With the rise of big data and machine learning technologies, pattern recognition is widely used across multiple industries. It is present at the core of every big data analytical tool and uses machine learning to provide organizations with a strategic advantage in today’s overly competitive business environment. 

In simple terms, pattern recognition is defined as the process of identifying patterns through machine learning algorithms. It classifies data based on statistical information that’s been extracted from patterns or through knowledge that’s already been gained beforehand. Typically, its applications process raw data and convert it into a machine-usable form. It does so by classifying (for supervised learning) and clustering (for unsupervised learning) patterns.

Pattern recognition has immense application potential, which is why you can find them in your day-to-day life. In this article, we will discuss the various ways in which pattern recognition can be used. 

Uses of Pattern Recognition

  1. Natural Language Processing (NLP) 

NLP is a machine learning field that helps machines understand human language and interpret its messages. It uses several pattern recognition algorithms to build robust systems that can be used for text analysis, plagiarism detection, text summarization, text generation, contextual extraction, text translation, and text correction and adaptation.

  1. Network Intrusion Detection 

Network intrusion is a grave threat to every firm that manages data. Pattern recognition applications help organizations detect network intrusion by identifying patterns over time. It keeps security systems on alert for even the slightest pattern change. It also enables organizations to approach network intrusion proactively by highlighting the loopholes that have made them vulnerable in the past. 

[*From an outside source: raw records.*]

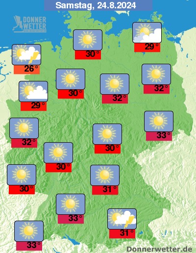 Die Temperaturen erreichen am Nachmittag Höchstwerte um 26 Grad an der Nordseeküste und 33 Grad am Oberrhein.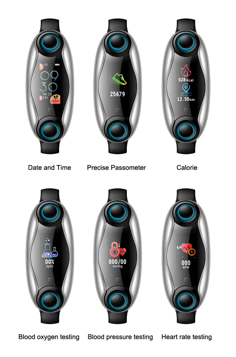 Мониторинг Артериального Давления, мониторинг качества сна, фотосъемка встряхиванием, двусторонний поиск, напоминание о сообщениях.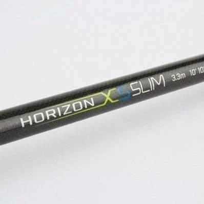 Horizon XS Slim Feeder 3.3m• Ultra-high modulus carbon blank• Two-piece rod designed to break down equally• Premium guides designed to enhance performance• Super slim fast tapered, quick action rod blank• Soft action designed for silver fish• Supplied with two tips (0.5oz, 1.0oz)• Unique detailed weave print applied to sections• High grade cork and EVA composite handle

  1. Image Pattern Recognition 

Image processing and its segmentation is one of the leading, and rapidly growing pattern recognition uses. It combines the supervised and unsupervised ML algorithms for image recognition. First, supervised algorithms are used to train models on labeled datasets. It is then followed by unsupervised algorithms exploring the input image. Then, the supervised algorithms again kick in to classify the patterns according to the given categories. Image pattern recognition is mainly used for visual search (for example, in eCommerce marketplaces and search engines) and face detection (for example, in social network services and law enforcement). However, it is a rapidly growing field for which we can expect to see multiple other uses in the near future. 

  1. Disease Recognition and Categorization

With the help of image pattern recognition, machines can also help in disease recognition and categorization. Also, pattern recognition systems can effectively analyze patient data in real-time to identify any anomalies so that quick action can be taken.

  1. Optical Character Recognition (OCR)

The analysis of images considered as alphanumeric text and their subsequent conversion into machine-encoded text is what OCR is all about. The OCR algorithm is based on the application and comparison of various patterns with input documents as available. It combines pattern recognition with comparative algorithms attached to the reference databases. Some common uses of optical character recognition are text transcription, document classification, and handwriting recognition. 

  1. Speech/Voice Recognition

Pattern recognition systems combined with linguistics result in one of the most successful pattern recognition applications ever – Speech/Voice Recognition. Essentially, speech/voice recognition functions on the same principles as optical character recognition. Hence, it can be used for AI assistants, speech-to-text and text-to-speech software, automated captions, sound-based diagnosis of anomalies, and personal assistant apps. 

  1. Agriculture and Animal Breeding Enhancement

Pattern recognition schemes help researchers identify, improve, and breed key animal traits. It helps in the enhancement of animal husbandry and thus contributes to economic benefits in the agriculture industry. Researchers can help increase the resistance to diseases, reduce environmental threats from fertilizers (by identifying the most harmful elements to facilitate action), and improve overall operations in the agriculture and animal husbandry industries with the help of pattern recognition. 

  1. Financial Services 

Pattern recognition systems can help the financial services industry in three ways:

  • Identifying upcoming trends based on data so that firms can gain a competitive edge.
  • Retrieving critical insights from data so that firms can identify their loopholes, understand patterns that continually lead them to failure, and offer better services to clients.
  • Enhancing security and proactively approaching cyber threats to ensure timely detection of threats for quick action.

Apart from these three uses, there are several other ways that pattern recognition can be useful for the financial services industry, such as fingerprint identification, handwriting recognition, network intrusion detection, etc. 

Conclusion

Today, human workforces are exceptionally talented and equipped with skills one could have never thought of earlier. However, even with immense talent, certain tasks will always be out of reach for human capabilities. Accurate and quick pattern recognition is one of them.

Pattern recognition systems that combine machine learning algorithms with pattern identification are more efficient, accurate, and quick than humans. One can rely on pattern recognition systems to offer highly accurate insights. These insights help organizations function more optimally, improve their business operations, and boost overall organizational performance. 

Although all the uses mentioned above put forth how extensively pattern recognition can be applied, it is crucial to understand that every pattern recognition solution may not provide the same level of applicability, effectiveness, and accuracy. Hence, you must consider partnering with an experienced service provider to implement pattern recognition solutions in your organization. Having a detailed knowledge of the kind of solution you want and then partnering with the right firm can help you successfully leverage the advantages that pattern recognition has to offer.